US inflation came in hotter than expected dashing all hopes of a rate cut in March. The latest print showed core CPI (which excludes food and energy) at 3.9%, and headline CPI at 3.1% YoY, topping estimates of 3.7%, and 2.9% respectively. The surprise upshot was driven by increases in food, car insurance, medical care, and shelter, with shelter prices advancing the most.
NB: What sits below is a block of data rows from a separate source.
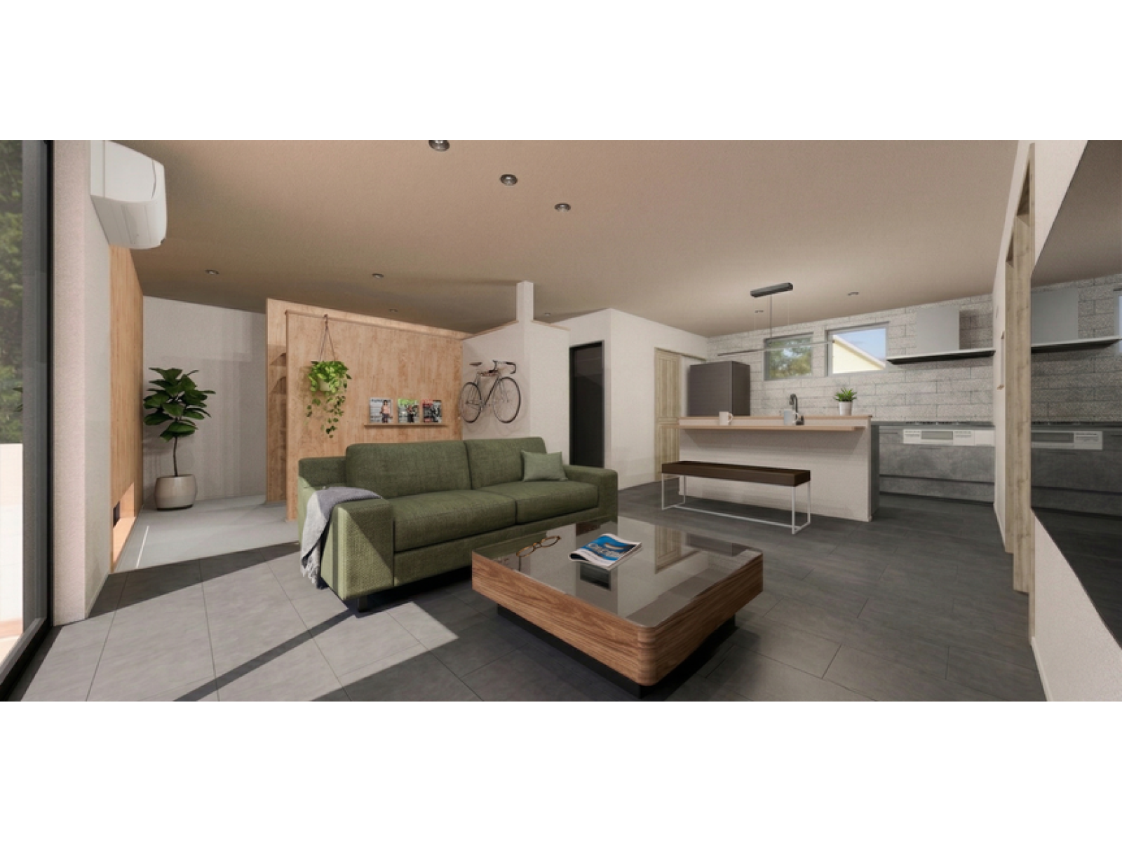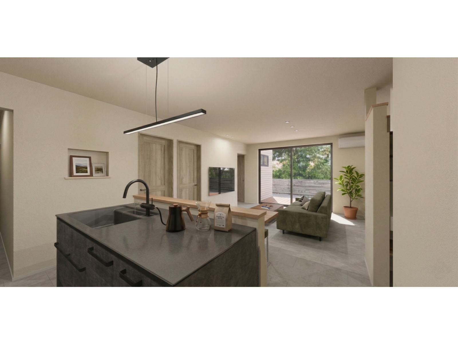LDKにはダイニングセットを置かず、キッチンに備え付けたカウンターで食事をとるスタイルに。
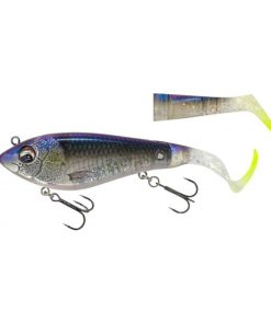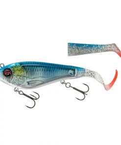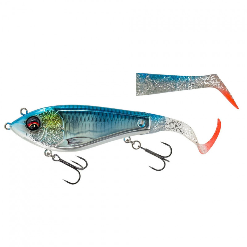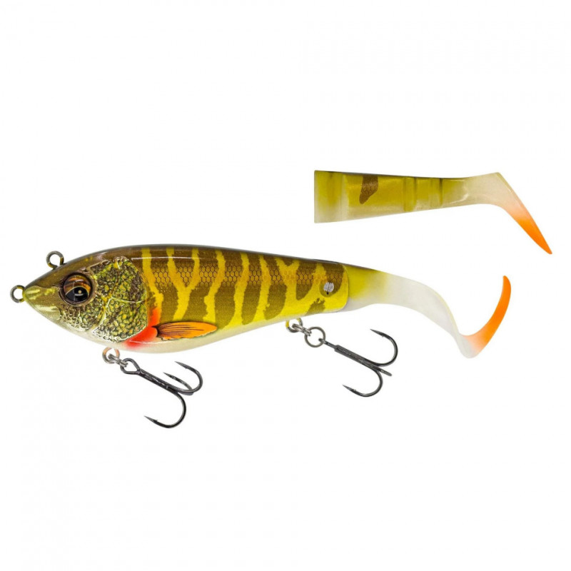 Ett fantastiskt hybridbete med en imponerande, intensiv kicking aktion från paddelsvansen och en galen glidrörelse från mini-curl-svansen. De två fästpunkterna gör att du kan använda betet på allt från supergrundt till medeldjupt vatten. Det unika Cross Jaw Lock Tail-systemet håller svansarna på plats och gör det möjligt att snabbt och enkelt byta svans eller ändra svansens rörelseriktning.
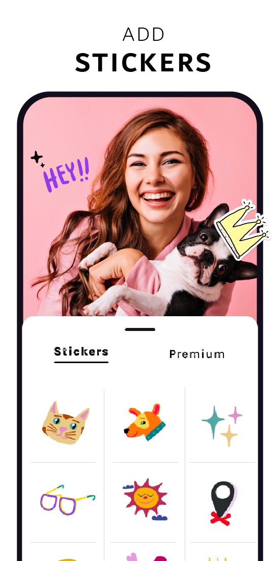 2. Stickers: This app provides hundreds of cute pet stickers which you can add after clicking your pet's photos as well as after clicking your own normal photo
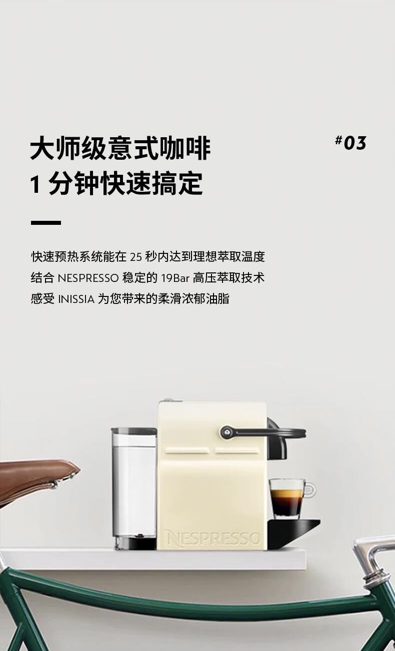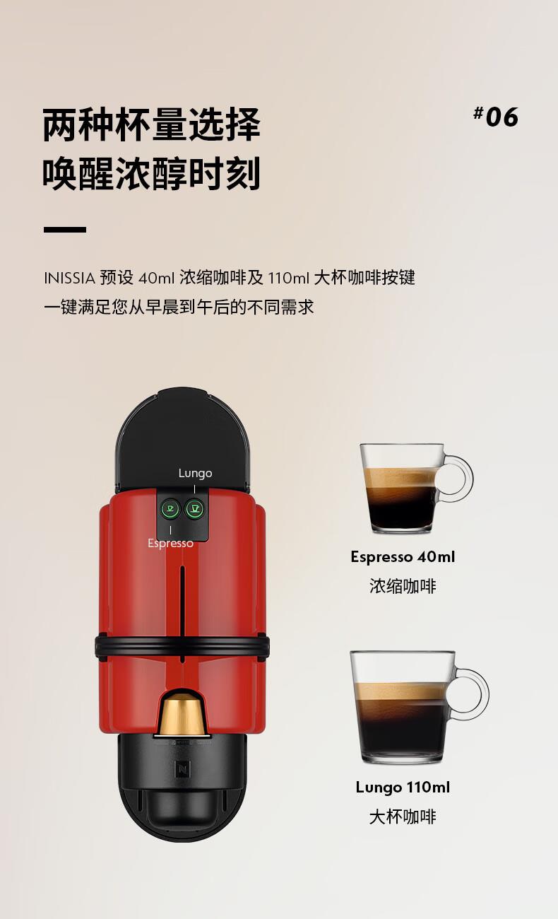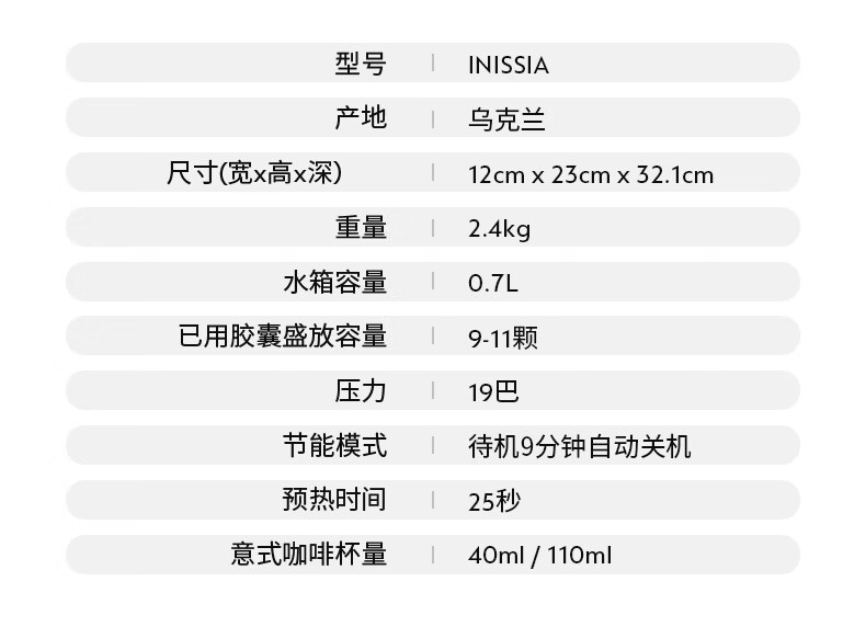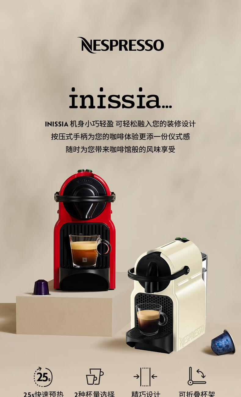 认证型号:C40 电源线长:1.2m 额定电压:220V 额定功率:1500W 产品尺寸:长321mm 宽120mm 高230mm 水箱容量:0.6-1.29L 泵浦压力:19Bar 制作口味:卡布奇诺 拿铁 意式浓缩 19Bar高压萃取系统为完整释放与呈现咖啡中的芬芳而设计;快速预热系统能在25秒内达到理想萃取温度结合NESPRESSO稳定的19Bar高压萃取技术感受INISSIA为您带来的柔滑浓郁油脂

These readings from the US highlight the bumpy road ahead to bring inflation back to target and risks undermining the rosy narrative that markets had been pricing in. A scenario whereby inflation continues to moderate without tipping the economy into a recession. Personal consumption expenditure (PCE) figures i.e., the Fed’s preferred gauge of inflation is due later in the month and should provide more clues on the trajectory for inflation. Until then, markets are likely to be roiled with more volatility sending stocks lower and pushing bond yields higher.

30th January 2024

US job openings rose to 9 million in December

US job vacancies surprises towards the upside, with vacancies reaching 9 million versus estimates of 8.9 million. These December figures continue to underscore the strength of the US labour market, retaining hopes that a recession could be avoided. Thus, the rosy scenario where inflation continues on its downward trajectory whilst the economy remains resilient is igniting more optimism that a soft-landing could be in sight. However, the increased job openings will likely usher the Fed further into keeping rates elevated to ensure inflation remains subdued before deciding to cut rates. Another report released Tuesday, showed that US consumer confidence increased to the highest level in January since 2021, in part due to the upbeat labour market.

17th January 2024

UK inflation sees an uptick

We saw an uptick in headline inflation from 3.9% to 4% and a steadfast core inflation figure at 5.1%, which excludes volatile food and energy. Both were above estimates by 0.2%. The BOE believes cuts will happen this year, but they need to see data indicating inflation is under control, while currently it's going in the wrong direction. Upon the stronger than expected inflation print this morning, the market is drawing back bets of early interest rate cuts that were priced in at the end of last year. The most recent numbers are indicating the prediction of slightly stickier inflation, making it harder to get down to the 2% Bank of England target. This set of data indicated cuts in the first half of the year could be too optimistic.

17th January 2024

European inflation update

The inflation print release today for Europe headline inflation staying at 2.9%. This announcement was in line with consensus and demonstrates the difficulty of the final stages in getting inflation back to 2% targets. The European Central Bank President, Christine Lagarde, has signalled that interest rate cuts are more likely to come in summer rather than the market consensus of spring. At the World Economic Forum in Davos, Lagarde reemphasised that they have to keep the rates restrictive until they see signs that inflation is under control. Otherwise, the ECB risks inflation remaining above the 2% target or even climbing again, which would force more interest rate raises.

8th January 2024

US Nonfarm payrolls beat expectations

Labour activity picks up again as US job growth and wage gains surpass expectations. Unfortunately, this dashes all hope for an early interest rate cutting cycle as inflation is likely to remain sticky, and for longer. Nonfarm payrolls rose to 216,000 in December vs an expected 175,000, whilst hourly earnings increased by 0.4% from a month earlier. The unemployment rate held tight at 3.7%. The labour market remains to be key input into the inflationary outlook, and whilst this is a headwind, it also reflects the resilience of the US labour market driven by economic growth and consumer spending. This helps feed into the soft-landing narrative, largely anticipated by markets. Investors can only now hope for a disconnect between labour market activity and inflation, in order to pave the way for Fed to cut rates whilst remaining confident that inflation will continue to moderate.